(Dataset records)

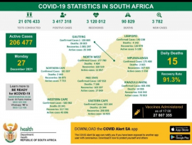 South Africa has recorded at least 3 782 new COVID-19 infections over the past 24-hour reporting cycle, with 15 more fatalities reported.
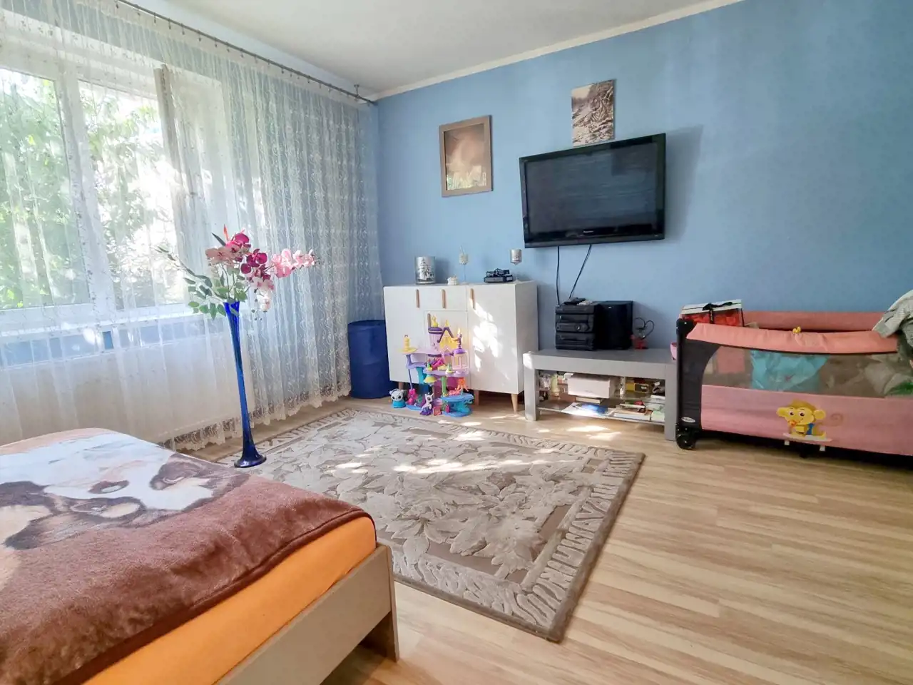 Podłogi w pokojach wykonane są z paneli drewnianych
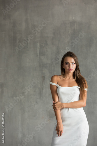 attractive, beautiful, beauty, body, dress, fashion, female, girl, glamour, model, portrait, pretty, sexy, white, woman, adult, background, brunette, casual attire, caucasian, cute, hair, isolated, lady, 1, people, person, skin, young, close, back, clothing, grey, oriental, skinny, honed, slim, smile, grey, fit, face, style, elegant, hot, comfort, make-up, posing, cosmetic, gorgeous, coiffure
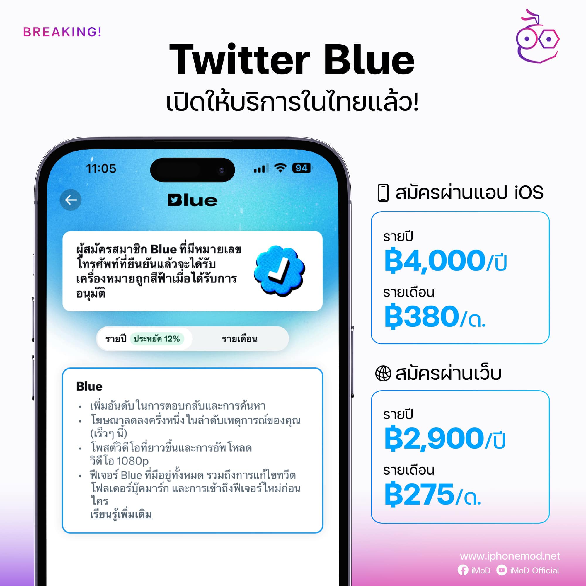 Twitter Blue เปิดให้บริการในไทยแล้ว! รายเดือน ฿380.- / รายปี ฿4,000.- ใช้งานฟีเจอร์ได้หลากหลายมากขึ้นกว่าบัญชี Twitter ปกติ
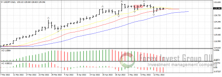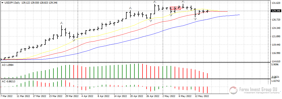 Коррекционный откат наблюдаем также и в паре доллар/иена. Разворотный бар на продажу от 130.00 был сформирован еще 9 мая. На данный момент нисходящий откат уперся в поддержку у линий аллигатора на дневном таймфрейме.
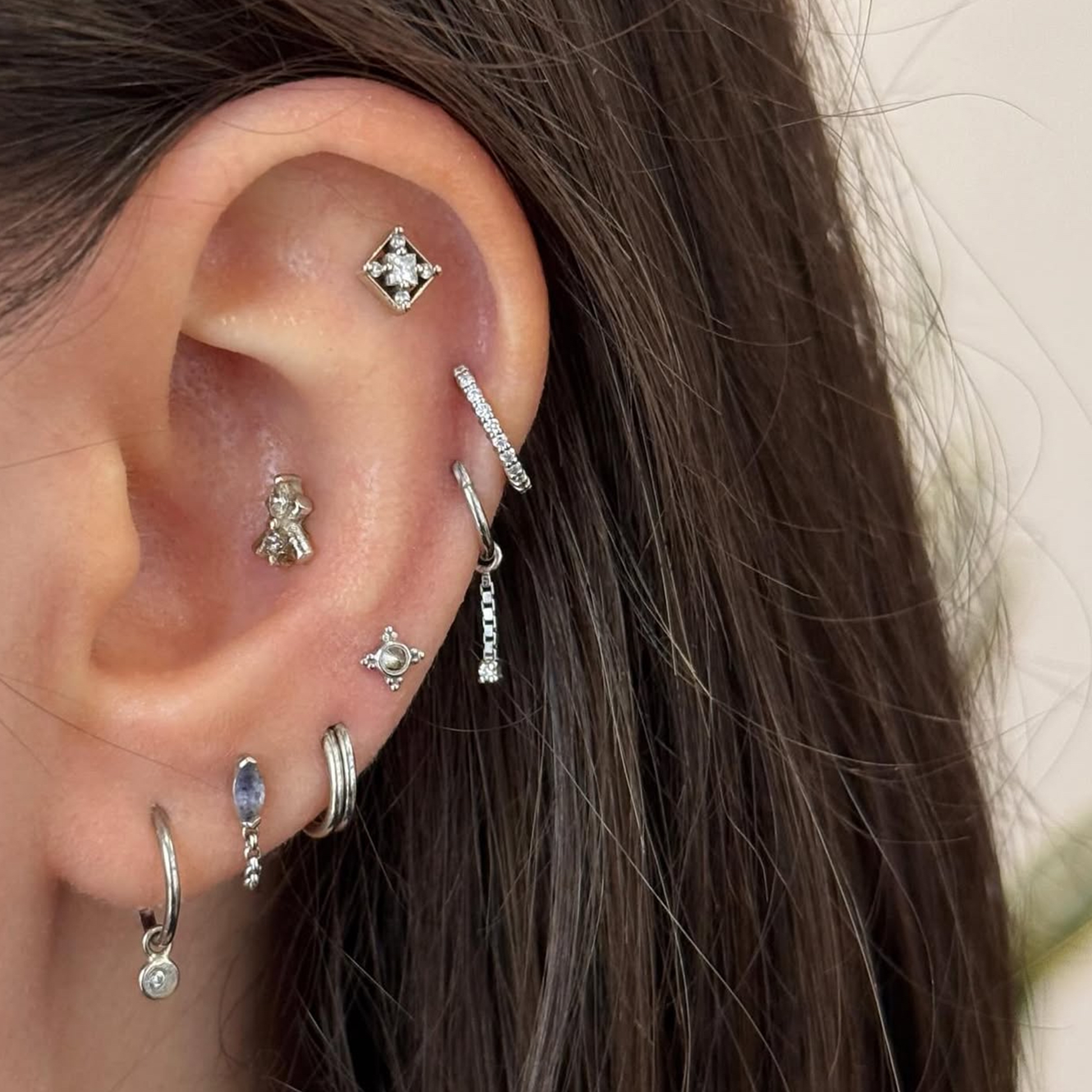 The Mini Kandy threadless end comes in a few different stunning 2mm gem options are surrounded by four tri-bead accents on each side.

● **TASK DIRECTIONS**
Treating the line with "Twitter Blue เปิดให้บริการในไทยแล้ว!" as the last line to include, retype the records exactly from their first line, excluding pictures.

● **ANSWER BOX**
 South Africa has recorded at least 3 782 new COVID-19 infections over the past 24-hour reporting cycle, with 15 more fatalities reported.
 Podłogi w pokojach wykonane są z paneli drewnianych
 attractive, beautiful, beauty, body, dress, fashion, female, girl, glamour, model, portrait, pretty, sexy, white, woman, adult, background, brunette, casual attire, caucasian, cute, hair, isolated, lady, 1, people, person, skin, young, close, back, clothing, grey, oriental, skinny, honed, slim, smile, grey, fit, face, style, elegant, hot, comfort, make-up, posing, cosmetic, gorgeous, coiffure
 Twitter Blue เปิดให้บริการในไทยแล้ว! รายเดือน ฿380.- / รายปี ฿4,000.- ใช้งานฟีเจอร์ได้หลากหลายมากขึ้นกว่าบัญชี Twitter ปกติ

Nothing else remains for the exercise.